Cerré los ojos y respiré hondo. El Crisol no era solo un restaurante; era mi vida. Era la promesa que me hice cuando papá murió y me quedé sola. Era la prueba de que podía crear algo hermoso lejos de la lástima ajena. Pero el mundo culinario era una bestia hambrienta, y parecía decidida a devorarme.
El timbre sonó, agudo y exigente, sacándome de mi espiral de pánico.
Miré el reloj del microondas. Las nueve de la noche. Me limpié las manos en el delantal y me alisé el cabello, rezando para no tener harina en la cara.
-El inquilino -recordé.
Había puesto el anuncio esa misma tarde, en un arranque de desesperación. "Ricardo", decía el mensaje de texto. Breve, conciso.
Caminé hacia la entrada, esquivando una caja de vinos que no tenía dónde guardar. Mi departamento estaba justo encima del restaurante, en un edificio antiguo que crujía con cada paso, como si tuviera huesos viejos. Abrí la puerta dejando la cadena de seguridad puesta. No podía permitirme ser descuidada.
Al otro lado, bajo la luz parpadeante del pasillo, había un hombre.
Lo primero que noté fue que estaba empapado. La llovizna de la ciudad le había oscurecido el cabello. Lo segundo, que no parecía un asesino en serie, lo cual era un alivio, pero tampoco encajaba con la imagen de alguien que busca alquilar una habitación barata en mi zona.
-¿Valeria Cruz? -preguntó. Su voz era grave, educada, pero cargada de un cansancio que reconocí al instante porque yo sentía el mismo.
-Soy yo. ¿Tú eres Ricardo?
-Ricardo Márquez. Vengo por la habitación.
Quité la cadena y abrí la puerta. Era alto, de hombros anchos que tensaban la tela de un jersey azul marino engañosamente simple. Llevaba una bolsa de deporte al hombro que parecía contener toda su vida.
-Pasa, por favor. Disculpa el desorden, estaba probando una receta.

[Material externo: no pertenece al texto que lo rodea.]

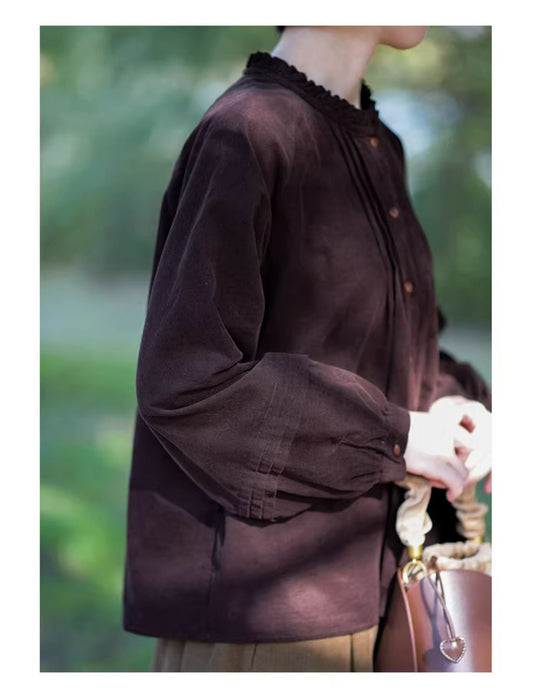 △薄手コーデュロイ ドロップショルダー フリルネックブラウス シャツ△
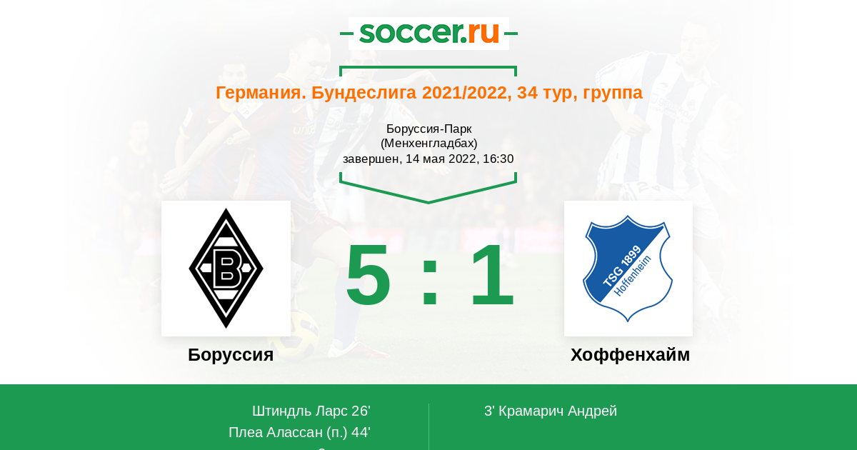 53' (4:1) Эмболо Брель (36) (Хофманн Йонас (23))
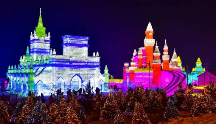 冰雪大世界以冰雪为主题,打造出一个宛如童话世界的冰雪乐园。这里有各种各样的冰雪雕塑,形态各异,栩栩如生,让人仿佛置身于一个冰雪的梦境中。每当夜幕降临,华灯初上,整个冰雪大世界都会被五彩斑斓的灯光照亮,显得更加梦幻迷人。
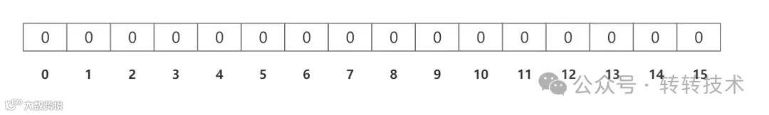布隆过滤器实现原理就是一个超大位数的数组和多个不同Hash算法函数。假设位数组的长度为 m,哈希函数的个数为 k。如下图,一个长度16位的数组,3个不同Hash算法函数,数组里面存储的是 bit 位,只放 0 和 1,初始为 0。
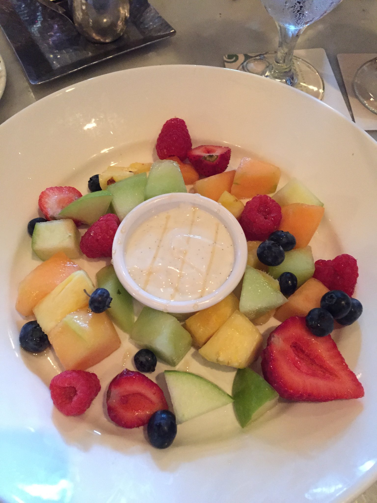 Our waiter was named....Izzy, I think? He'd been working there for a while and had his repartee down pat, and was a really good, attentive waiter without being too on you. I don't normally get alcohol in Disney in the summer but since I was so wound up I got myself a glass of the Sokol Blosser Evolution White, which is a mix of pinot gris, white riesling, muscat, gewurtztraminer, muller-thurgau, semillon, pinot blanc, sylvaner, and chardonnay grapes (phew!). It was a little dryer than I had thought it was but it meant that I slowed down and actually enjoyed it.
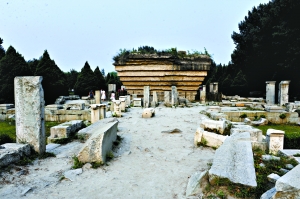 圓明園大水法遺址,流水的石槽也是極盡雕工之能事。
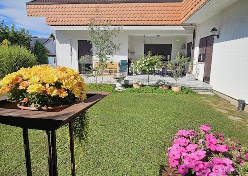 Der schöne, große und liebevoll angelegte Garten mit seiner umlaufenden grünen Einfriedung bietet eine wunderbar intime Privatphäre und die teilüberdachte Terrasse trotzt auch einem Gewitterschauer bei der Grillparty.
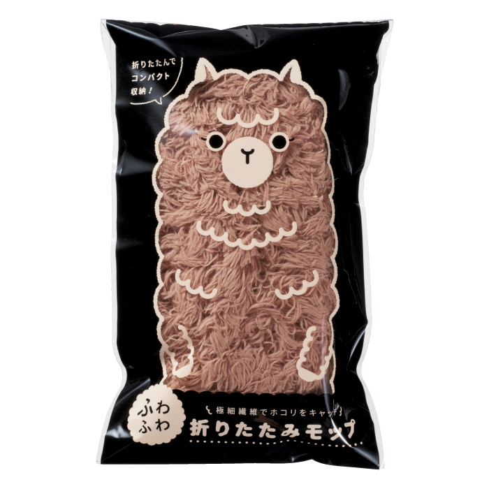 折りたたみ式でコンパクトになるモップ。目を引くかわいいアルパカのパッケージ。ふわふわの毛足が細かいほこりのお掃除にも便利。各種景品や販促品としてオススメです。
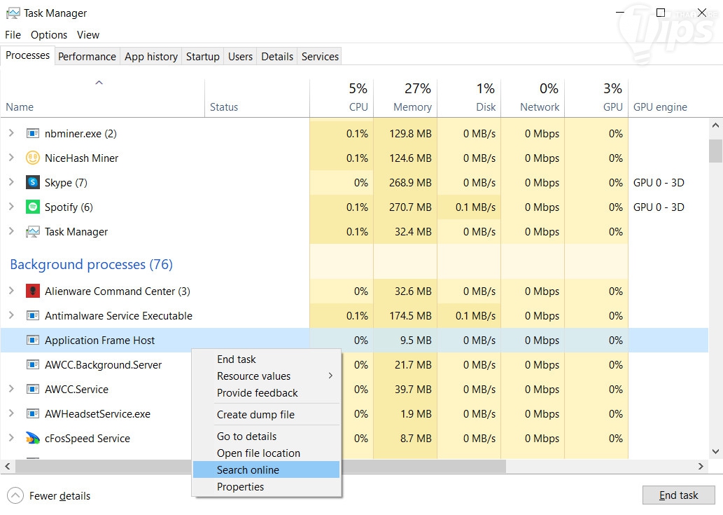 ซึ่งใน Task Manager ก็มีเครื่องมือช่วยให้เราค้นหาข้อมูลได้ง่าย ๆ อยู่ด้วยนะ โดยให้เรา "คลิกขวา" ที่ "ชื่อ Process" ที่เราอยากรู้ว่ามันคืออะไร แล้วหลังจากนั้นให้คลิกที่ "เมนู Search Online" มันจะทำการเปิดเว็บไซต์ "Bing" บน เว็บเบราว์เซอร์ เพื่อค้นหาข้อมูลให้อัตโนมัติ
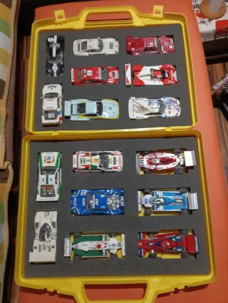 Colección de coches de Scalextric Duelos Míticos. - Incluye 16 coches de carreras. - Modelos variados con diseños distintivos. - Presentados en maletín organizador.
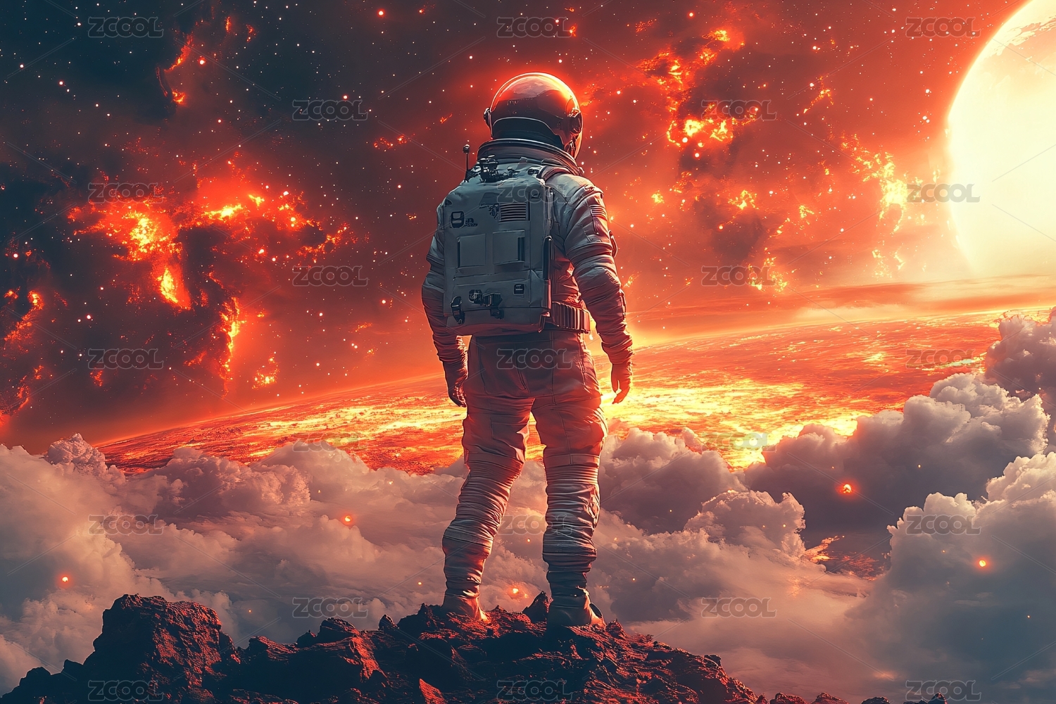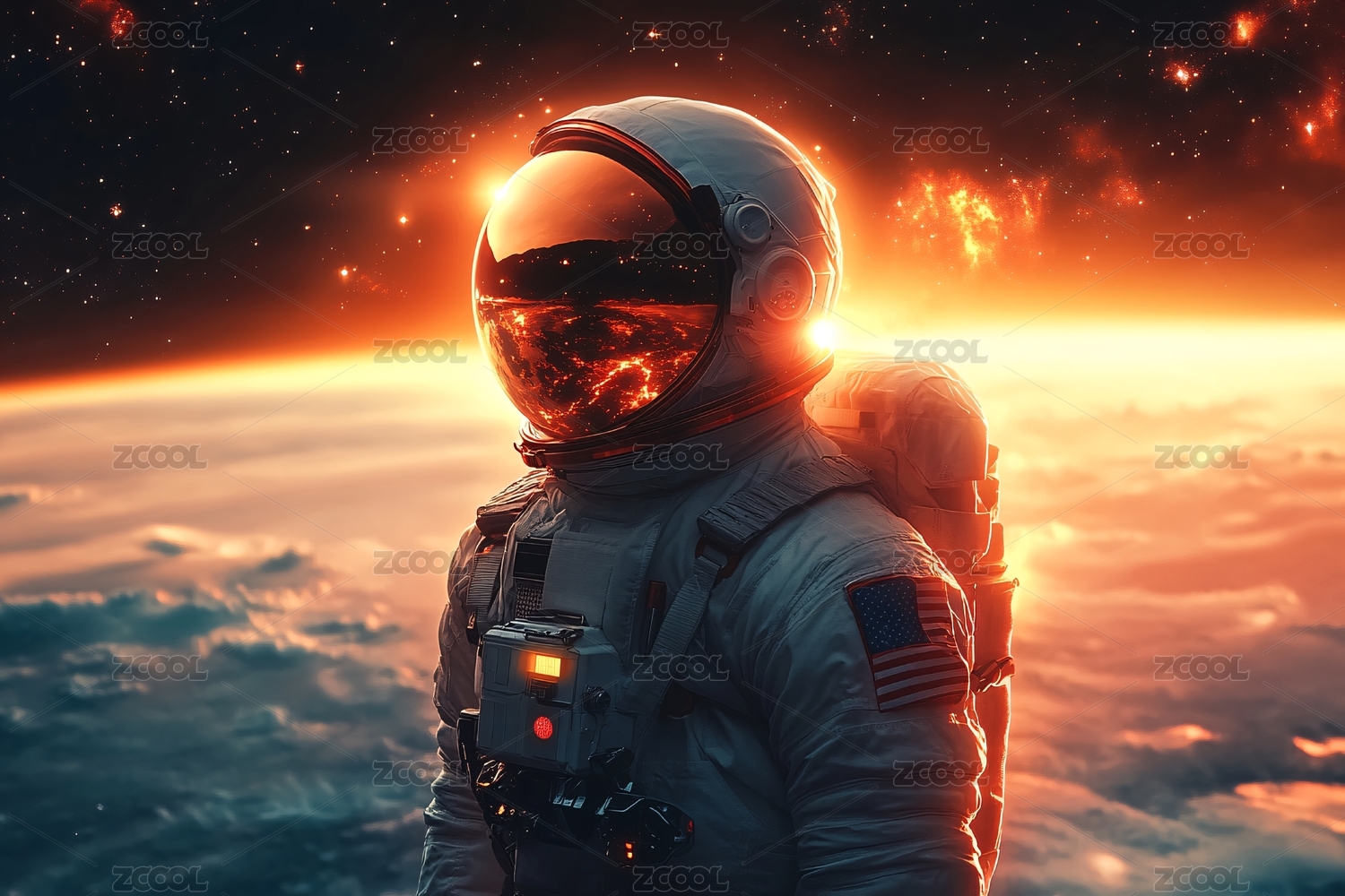 宇航员,火焰,太空,科幻,插画,画面元素,主题词,背景元素
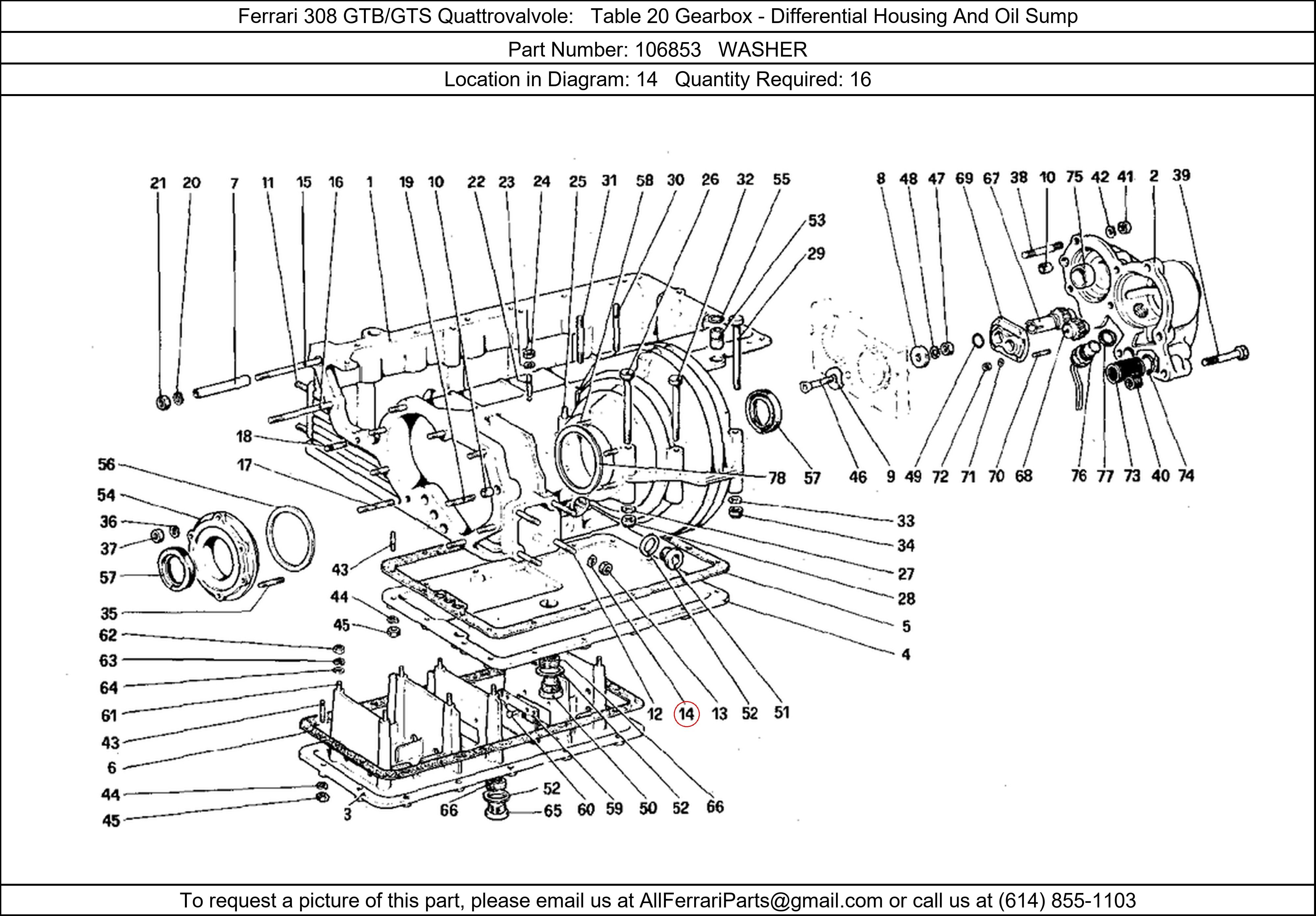 Ferrari Part Number 106853, WASHER shown here as used in Ferrari 308 GTB/GTS Quattrovalvole Table 20 Gearbox - Differential Housing And Oil Sump. Location in Diagram: 14. Required Quantity: 16. This Ferrari part is used in more than one diagram. Click on the diagrams below to see alternative uses of this part:

Ricardo entró. Su presencia llenó el recibidor de inmediato. Había algo en su postura, en la forma en que sus ojos escaneaban el entorno, que me puso en alerta. No era la mirada curiosa de un estudiante; era una mirada analítica. Se movía con una contención extraña, como un animal grande tratando de no romper nada en una tienda pequeña.
-Huele increíble -dijo, deteniéndose en el umbral de la cocina.
-Raviolis de calabaza -expliqué automáticamente-. ¿Quieres ver la habitación primero o hablamos de las condiciones?
-La habitación.
Lo guié por el pasillo, observándolo de reojo. Tenía una mandíbula tensa y facciones duras, pero sus ojos oscuros evitaban los míos, como si temiera revelar algo.
Abrí la puerta blanca al final del pasillo. La habitación era modesta: cama doble, armario viejo, escritorio pequeño y vistas a un callejón. Nada de lujos. Esperé la mueca de desagrado, la negociación para bajar el precio.
Él entró, dejó la bolsa en el suelo y miró las paredes desnudas como si fueran obras de arte.
-Es perfecta -dijo.
Parpadeé, sorprendida.
-¿De verdad? Es ruidosa por las mañanas. Los camiones de reparto llegan a las seis. Y la calefacción es temperamental.
-Busco tranquilidad, no lujo -respondió, pasando la mano por el respaldo de la silla. Sus manos eran finas, cuidadas, no parecían manos que hubieran trabajado duro físicamente-. Y el ruido del restaurante no me molesta.
Me crucé de brazos, adoptando mi postura de negociadora, la misma que usaba con los proveedores de pescado.
-Son seiscientos dólares al mes, más servicios. Un mes de depósito y el mes corriente por adelantado. Y necesito saber a qué te dedicas. No quiero fiestas, ni problemas.
Ricardo asintió, sin inmutarse por el precio.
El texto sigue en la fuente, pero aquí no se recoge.